### [SOURCE INFORMATION]
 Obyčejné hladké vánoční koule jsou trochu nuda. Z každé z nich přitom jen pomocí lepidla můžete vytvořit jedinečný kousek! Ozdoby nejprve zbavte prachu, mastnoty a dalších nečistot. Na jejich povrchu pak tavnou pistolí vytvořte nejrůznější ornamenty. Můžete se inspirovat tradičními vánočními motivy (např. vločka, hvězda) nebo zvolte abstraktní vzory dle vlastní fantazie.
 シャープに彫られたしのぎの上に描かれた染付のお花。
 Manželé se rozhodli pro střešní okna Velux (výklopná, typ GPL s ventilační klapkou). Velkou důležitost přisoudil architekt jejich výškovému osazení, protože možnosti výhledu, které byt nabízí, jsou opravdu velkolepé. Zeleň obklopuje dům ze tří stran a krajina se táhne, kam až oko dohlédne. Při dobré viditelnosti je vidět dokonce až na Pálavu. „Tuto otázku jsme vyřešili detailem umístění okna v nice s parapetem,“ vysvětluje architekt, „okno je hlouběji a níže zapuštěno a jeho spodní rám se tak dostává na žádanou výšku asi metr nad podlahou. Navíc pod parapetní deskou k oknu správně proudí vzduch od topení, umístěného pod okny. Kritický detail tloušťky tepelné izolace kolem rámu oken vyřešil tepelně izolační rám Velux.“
---
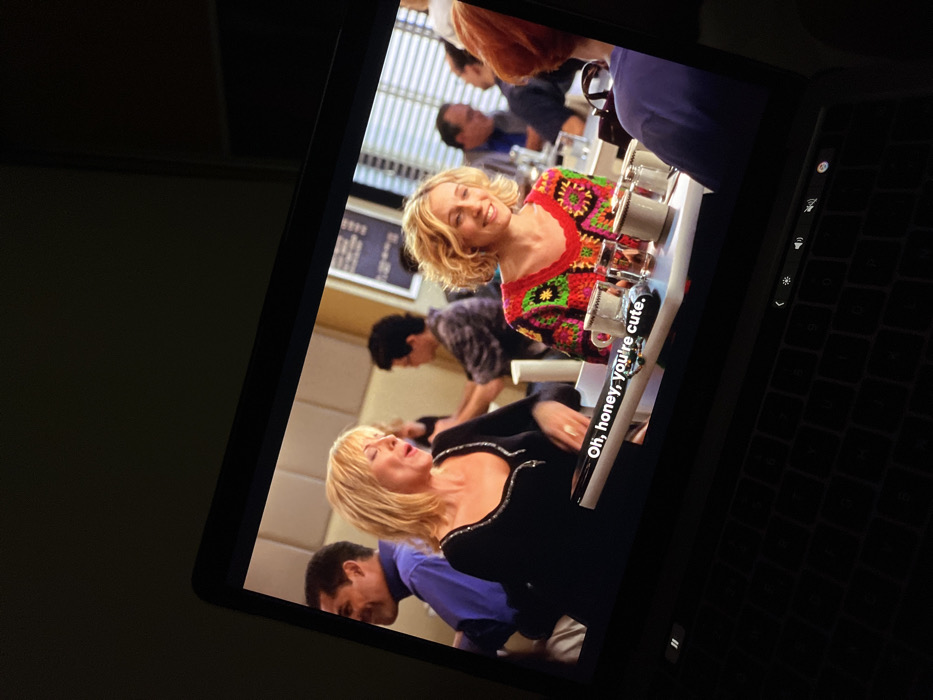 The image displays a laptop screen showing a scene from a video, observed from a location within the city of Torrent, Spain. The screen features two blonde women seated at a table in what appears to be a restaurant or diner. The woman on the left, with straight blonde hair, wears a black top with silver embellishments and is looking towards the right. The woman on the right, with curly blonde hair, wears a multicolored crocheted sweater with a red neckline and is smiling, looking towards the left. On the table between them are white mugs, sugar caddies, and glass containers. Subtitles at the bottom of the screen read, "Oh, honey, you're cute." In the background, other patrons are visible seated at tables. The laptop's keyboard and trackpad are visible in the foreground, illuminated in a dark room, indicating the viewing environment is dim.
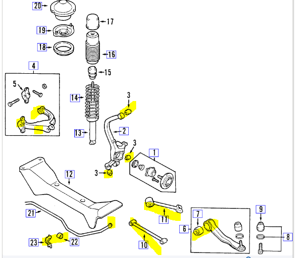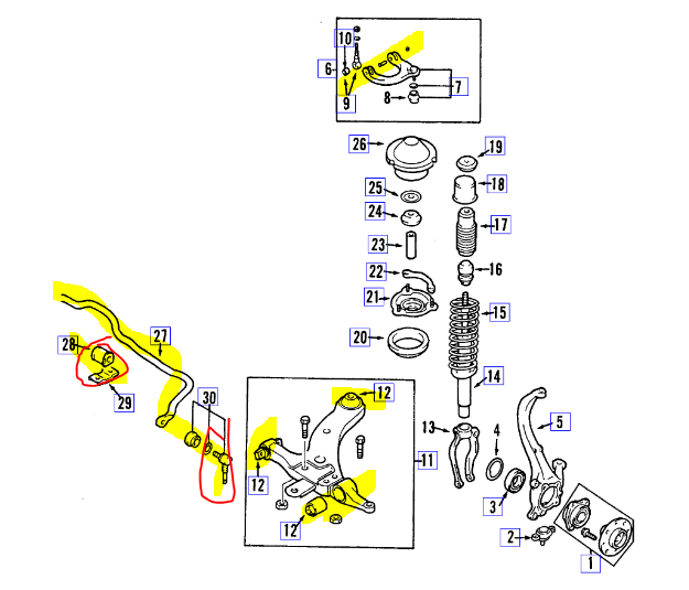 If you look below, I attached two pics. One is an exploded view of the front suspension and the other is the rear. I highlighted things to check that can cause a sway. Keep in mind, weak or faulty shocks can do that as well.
--
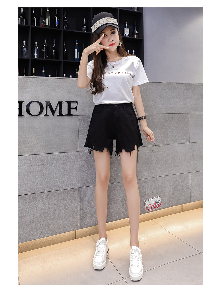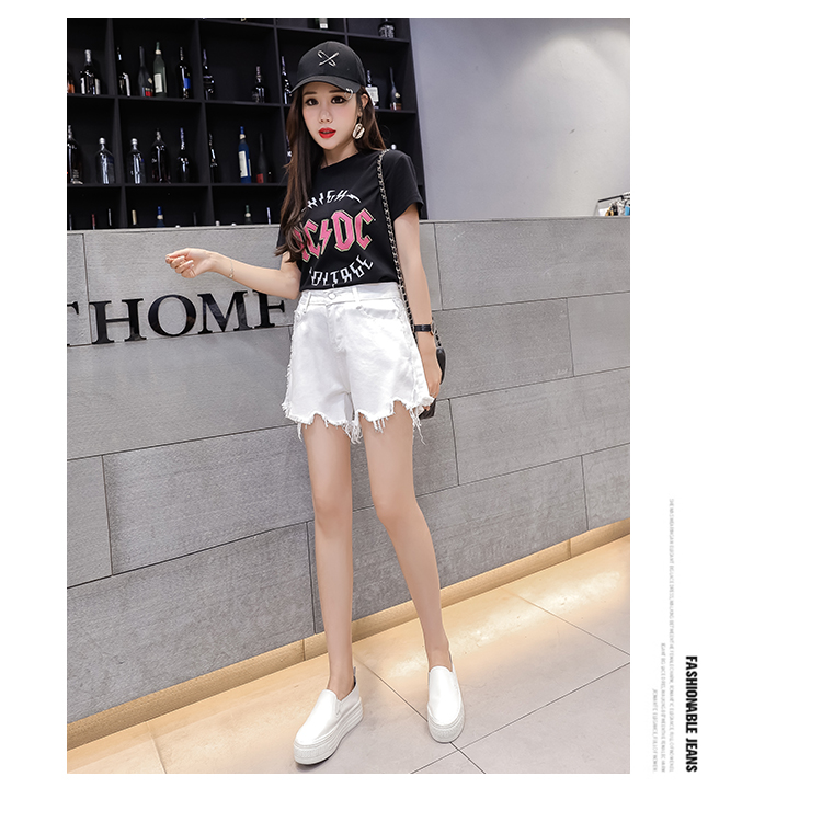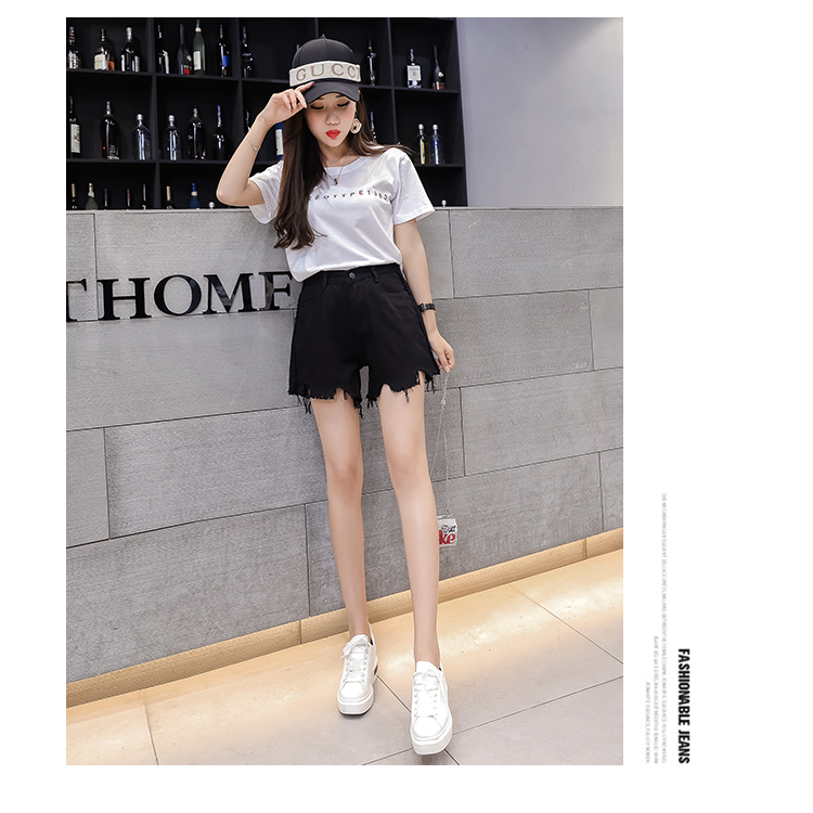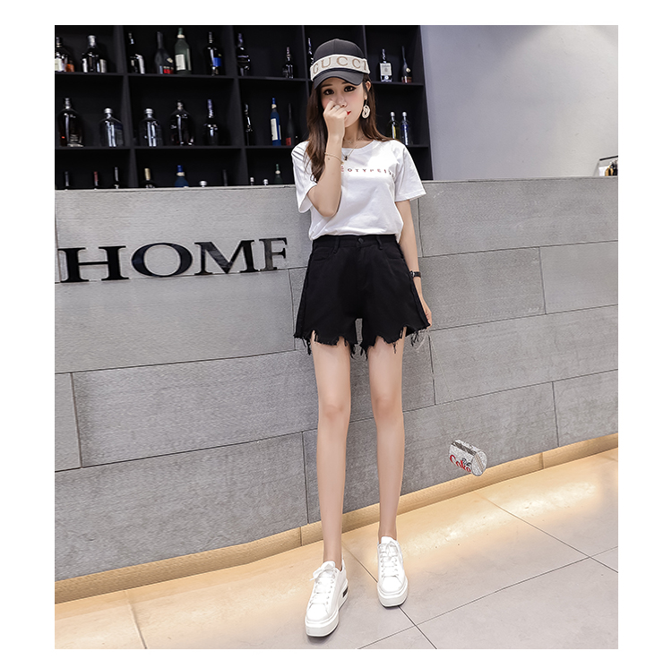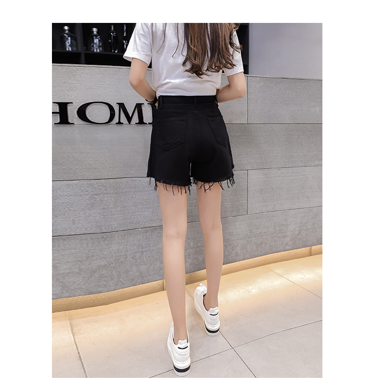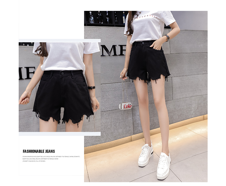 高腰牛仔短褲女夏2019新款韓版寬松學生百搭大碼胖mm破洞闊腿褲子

### [ACTION ITEM]
Return only the part of the records above that opens with the line containing "シャープに彫られたしのぎの上に描かれた染付のお花。" and closes with the line containing "Manželé se rozhodli", ends included.

### [SOLUTION FOR THIS TASK]
 シャープに彫られたしのぎの上に描かれた染付のお花。
 Manželé se rozhodli pro střešní okna Velux (výklopná, typ GPL s ventilační klapkou). Velkou důležitost přisoudil architekt jejich výškovému osazení, protože možnosti výhledu, které byt nabízí, jsou opravdu velkolepé. Zeleň obklopuje dům ze tří stran a krajina se táhne, kam až oko dohlédne. Při dobré viditelnosti je vidět dokonce až na Pálavu. „Tuto otázku jsme vyřešili detailem umístění okna v nice s parapetem,“ vysvětluje architekt, „okno je hlouběji a níže zapuštěno a jeho spodní rám se tak dostává na žádanou výšku asi metr nad podlahou. Navíc pod parapetní deskou k oknu správně proudí vzduch od topení, umístěného pod okny. Kritický detail tloušťky tepelné izolace kolem rámu oken vyřešil tepelně izolační rám Velux.“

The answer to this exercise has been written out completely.